Buenos Aires is vast yet easily accessible by subway or Subte. The portions of most interest to visitors surround the compact central area around the Avenida 9 de Julio, the widest avenue in the world, which runs from Plaza Constitución to Avenida del Libertador and the exclusive northern suburbs. Intersecting the Avenida 9 de Julio, the Avenida de Mayo runs west from the Casa Rosada at Plaza de Mayo to the congressional buildings at Plaza del Congreso. Street names change at Avenida de Mayo. On the northeastern corner the Retiro train station, the bus terminal and a number of airline terminals are conveniently grouped.
Corrientes crosses 9 de Julio at the Obelisk, a central landmark. There is a pedestrian tunnel beneath the street. Shopping is most fashionable on upscale Avenida Santa Fe and the Florida and Lavalle pedestrian malls.
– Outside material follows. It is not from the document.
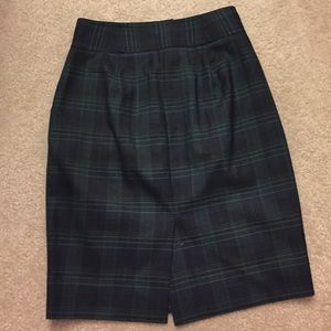 EUC J. Crew blackwatch tartan pencil skirt. Three buttons and hidden zip at front. Slight A-line shape and falls to knee. Unfortunately, selling because too small for me now.
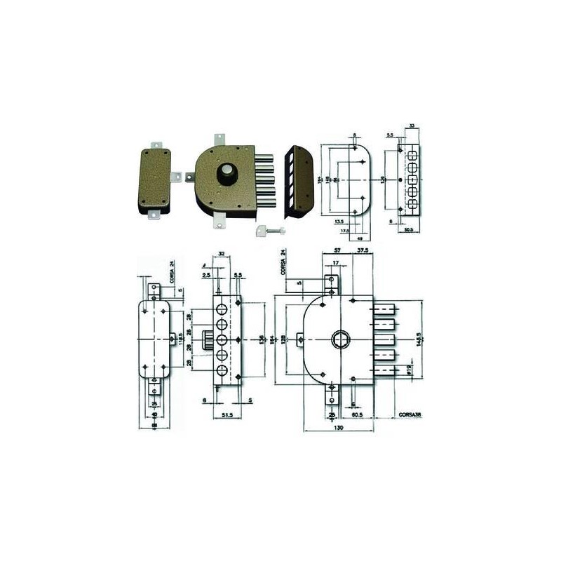 - 2 mandate, scatola in acciaio verniciato, catenacci a pistoni con interasse mm.28 in acciaio cromato, cilindro a pompa lato esterno, pomolo lato interno, dotazione: 1 mostrina cromata, 1 ferrogliera, 1 deviatore, viti e minuteria, 3 chiavi a pompa, aste non comprese

The charm of Buenos Aires for many visitors lies in the neighborhoods known as barrios. There are many tourists never sees unless they go out from the center into the newer suburbs but the most famous ones surround the center of the city and have their roots in the city's history.
La Boca
This working class area, originally populated by Italian dock workers, has bloomed into a colorful center of art, restaurants and the colorful metal houses which present a refreshing change from the rest of the city. The colors come from the brightly painted houses on the Caminito a pedestrain walk named for the tango of the same name and the waters of the Riachuelo stained by oil sludges. The painter Benito Quinquela Martín was a leading influence in the use of color and his home, now the Museo de Bellas Artes de La Boca, displays his paintings of dock workers.
This complex, energetic, and seductive port city, which stretches south-to-north along the Rio de la Plata, has been the gateway to Argentina for centuries. Portenos, as the multinational people of Buenos Aires are known, possess an elaborate and rich cultural identity. They value their European heritage highly--Italian and German names outnumber Spanish, and the lifestyle and architecture are markedly more European than any other in South America. One of the world's finest opera houses, the Teatro Colon, flourishes here on the plains alongside the river. Portenos are intensely involved in the life and culture of their city, and they will gladly share the secrets of Buenos Aires if you lend an ear and relate your own stories in return.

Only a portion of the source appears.